The University of Manitoba will become an even stronger engine for economic growth if the provincial government invests strategically and if the business community and university collaborate to reduce red tape to speed up research progress, University of Manitoba vice-president (research), Dr. Digvir Jayas told a Winnipeg business leaders conference this week.
During his address at the Manitoba Bold conference, Jayas challenged the provincial government to invest as much as $60 million annually at the university in six key areas of strength over the next decade.
“We need to focus investments and resources in areas of strength where we can further assert ourselves as national and international leaders,” Jayas told the conference organized by the Winnipeg Chamber of Commerce.

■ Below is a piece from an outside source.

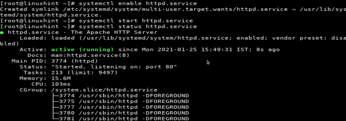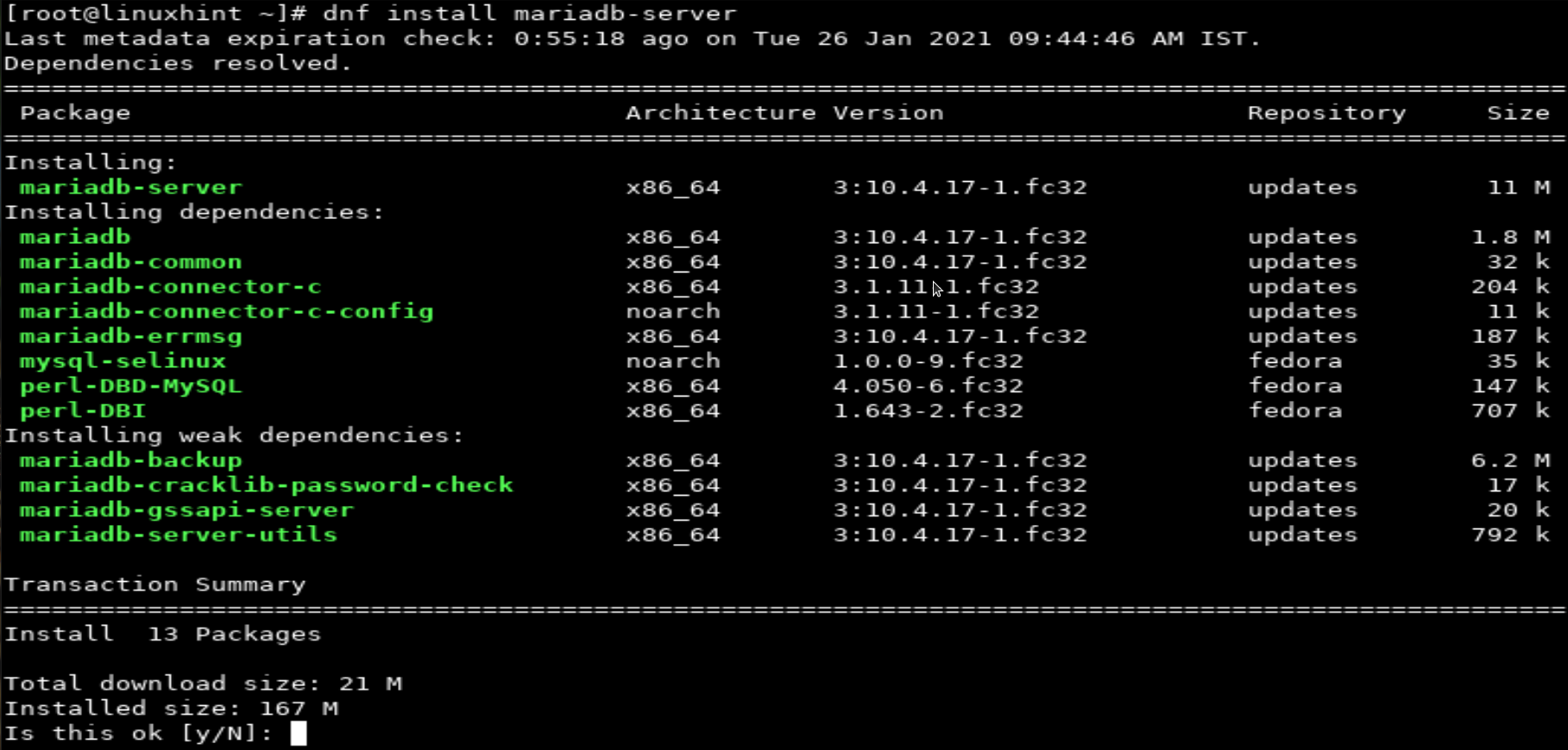Once the installation is completed, we will enable and start the mariaDB service, as we did for the Apache server:

That new investment would make the university an even more attractive destination of choice for world-class researchers conceiving and developing world-class ideas.

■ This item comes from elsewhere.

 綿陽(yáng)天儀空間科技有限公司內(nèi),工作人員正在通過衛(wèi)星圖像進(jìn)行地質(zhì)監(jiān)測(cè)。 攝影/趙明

Jayas also challenged business to work with the university to develop a standard agreement on collaborative research to ensure researchers’ ideas move more easily to the marketplace and less time is spent at the negotiation table.

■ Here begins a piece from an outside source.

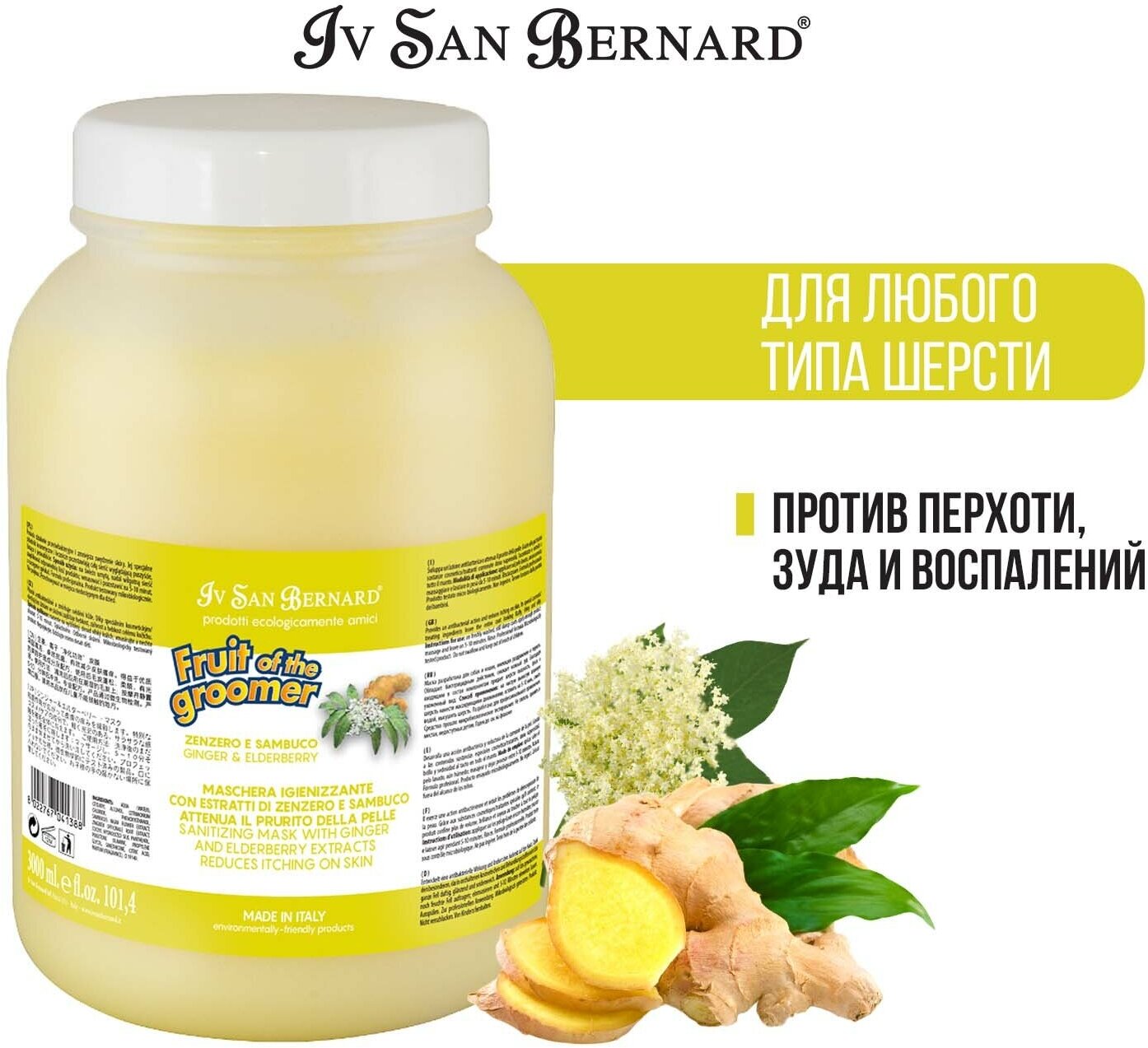 Маска Iv San Bernard Fruit of the Groomer Ginger and Elderberry восстанавливающая с антибактериальным эффектом для кошек и собак , 1 л , 1.041 кг

“We also need to reduce the time it takes to take good ideas and bring them to the marketplace to generate real wealth and economic opportunity,” Jayas said.
In addition to these measures, Jayas also challenged government to provide the investments needed to double the number of graduate students on campus from 3,000 to 6,000.
This growth in graduate student enrolment would ensure there are more talented and highly skilled people the economy needs to innovate, lead, create and successfully market ideas.
Jayas noted the ideas he proposed at the Manitoba Bold conference are already proven to work. Currently, the University of Manitoba is home to nearly 900 research projects with a value of more than $93 million.